SECTION 4. Waivers. Each of the Guarantors waives
presentment to, demand for payment from and protest to the
Borrowers, or any other guarantor of any of the Obligations, and
also waives notice of acceptance of its guarantee and notice of
protest for non-payment. The Guarantors hereby further waive
promptness, diligence, notice of acceptance and any other notice
with respect to any of the Obligations and this Guarantee and any
requirement that the Agent or the Lenders protect, secure, perfect
or insure any security interest or lien or any property subject
thereto or exhaust any right or take any action against the
Borrowers, or any other person or any of the Total Collateral
Security.
SECTION 5. Covenants. (a) Each of DOC and CSX,
respectively, hereby agrees that it shall furnish to the Agent:
(a) within 90 days after the end of each fiscal year, a
copy of the report on Form 10-K (or its equivalent) for such fiscal
year which DOC and CSX Corporation shall have filed with the
Securities and Exchange Commission;
(b) within 45 days after the end of each of the first
three fiscal quarters of each fiscal year, a copy of the report on
Form 10-Q (or its equivalent) for such fiscal year which DOC and
CSX Corporation shall have filed with the Securities and Exchange
Commission; and
(c) promptly upon the distribution thereof, a copy of
the annual report for such year for DOC and CSX Corporation.

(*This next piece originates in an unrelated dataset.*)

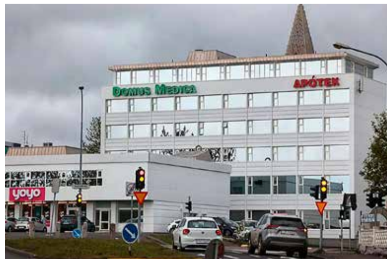
Domus Medica við Egilsögötu.

Hinir nýju eigendur hafa ekki afráðið með öllu hvers konar starfsemi verður í húsinu en áhersla mun verða lögð á heilbrigðisþjónustu. Engin áform munu vera um að flytja starfsemi Heilsugæslunnar Höfða á Egils-götuna. Í dag er móttaka fyrir flóttafólk í húsinu og gert er ráð fyrir að hún verði þar eitthvað áfram.

(b) Brenner hereby agrees that, so long as he is a party to
this Agreement, he will deliver to the Agent annually one of the
following: (i) a statement of net worth, (ii) his tax return for
such year or (iii) another form of information reasonably
satisfactory to the Agent as to Brenner's financial position.
- 155 -
<PAGE>
SECTION 6. Representations. Each of DOC and CSX
hereby represent and warrant that (a) it is a corporation duly
organized, validly existing and in good standing under the laws of
its jurisdiction of its organization, (b) has all requisite power
and authority to own its property and assets and to carry on its
business as now conducted and as proposed to be conducted, (c) is
qualified to do business in every jurisdiction where such
qualification is required, except where the failure so to qualify
would not result in a material adverse effect, and (d) has the
corporate power and authority to execute, deliver and perform its
obligations under this Guarantee.
SECTION 7. Subrogation. Upon payment by each
Guarantor of any sums to the Agent for the benefit of the Lenders
hereunder, all rights of such Guarantor against the Borrowers
arising as a result thereof by way of right of subrogation or
otherwise, shall in all respects be subordinate and junior in right
of payment to the prior final and indefeasible payment in full of
all the Obligations. If any amount shall be paid to or property
transferred to any Guarantor for the account of the Borrowers,
which payment arises as a result of such Guarantor's payment of its
obligations hereunder, such amount or property shall be held in
trust for the benefit of the Agent and shall forthwith be paid or
transferred to the Agent for the benefit of the Lenders to be
credited and applied to the Obligations, whether matured or
unmatured.
SECTION 8. Execution of Loan Documentation. The
Guarantors consent to and authorize the due execution and delivery
by the necessary parties of each of the Credit Agreement, the
Security Documents and any and all other related documentation
executed in connection with the foregoing.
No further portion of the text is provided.